Since its public debut in October, Potbelly (NASDAQ: PBPB  ) has lost more than one-third of its share price and is now trading near 52-week lows. Fourth-quarter 2013 earnings results and a near-term outlook by the company further pressured the stock.

Many in the restaurant industry are blaming bad winter weather for sluggish sales. Fast-casual competitor Panera Bread (NASDAQ: PNRA  )  and even fast-food giant McDonald's (NYSE: MCD  )  have cited Mother Nature as a main culprit for recent slow sales. Given the perception that Potbelly should be growing much faster than either Panera Bread or McDonald's, should shareholders have more patience with Potbelly?

Credit: Michael Carter

Potbelly's earnings and near-term outlook
Potbelly's fourth-quarter total revenue increased 1.7% to $74.8 million.. Despite an additional operating week compared to the same period in 2012, earnings still fell short of expectations of $76 million. For the year, revenue rose 9% to nearly $300 million.

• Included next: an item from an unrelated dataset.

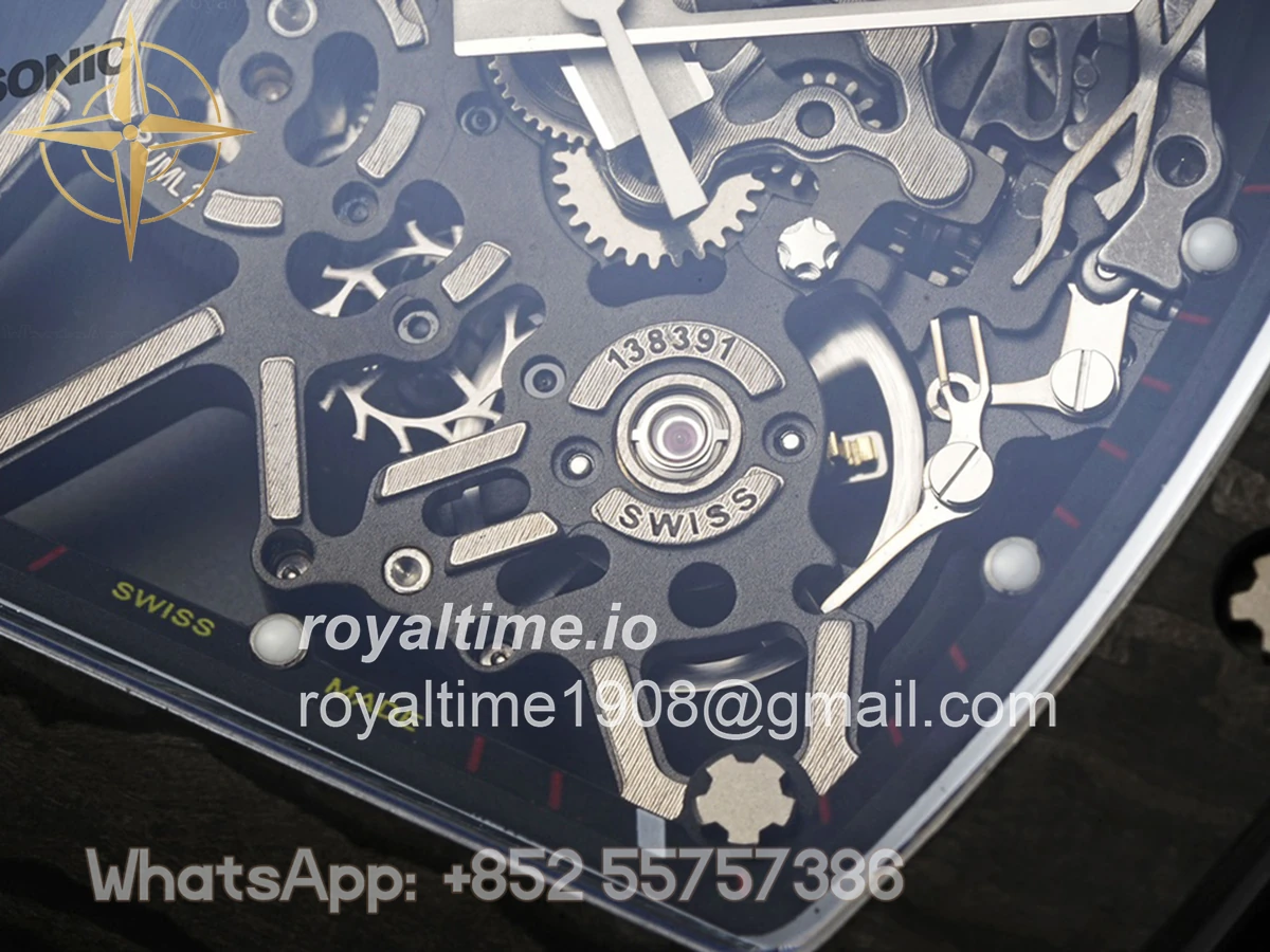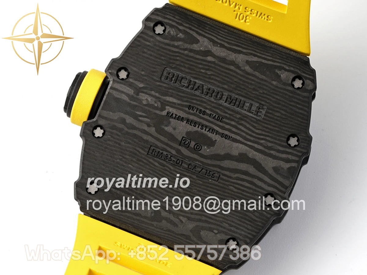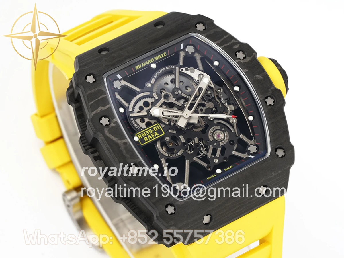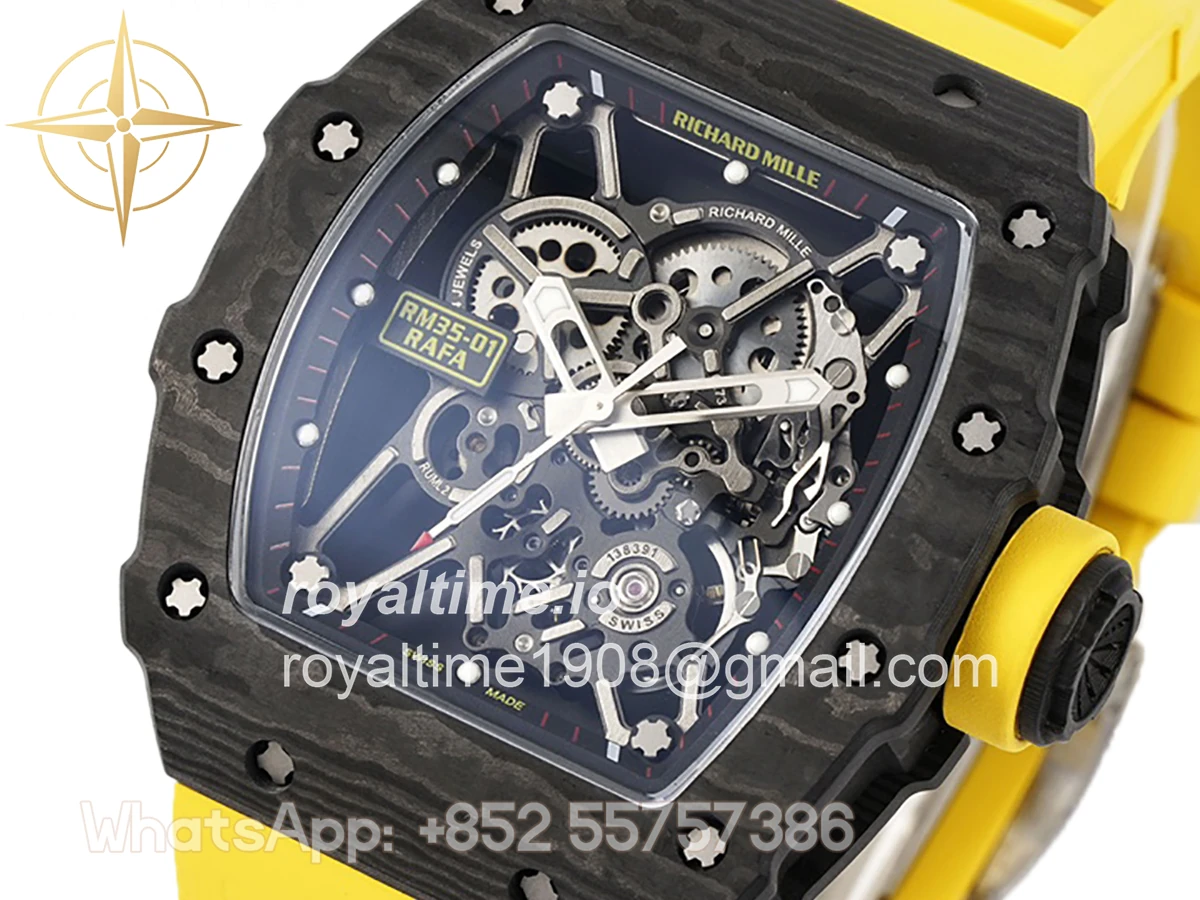 Size: 43mm x 49.9mm x 13.5mm Movement: Asian clone RMUL2 manual movement, working spring wheel at same position as genuine watch, very close to genuine looking. Functions: Hours, minutes and seconds display Case: Black carbon case Crystal: Scratch-proof sapphire crystal with AR coating Dial: Skeleton dial Bezel: Black carbon bezel Strap: Yellow rubber strap Clasp: High quality deployment clasp Water resistance: <20 Meters

Another major disappointment for shareholders was the 0.7% comp-sales growth for the quarter, while comp sales for the entire year inched up just 1.5%.

During the conference call, Potbelly execs cited the weather and government shutdown as reasons for the results. However, the company has plans in 2014 to create another hub market similar to the success its had in Chicago and the Washington, D.C. area.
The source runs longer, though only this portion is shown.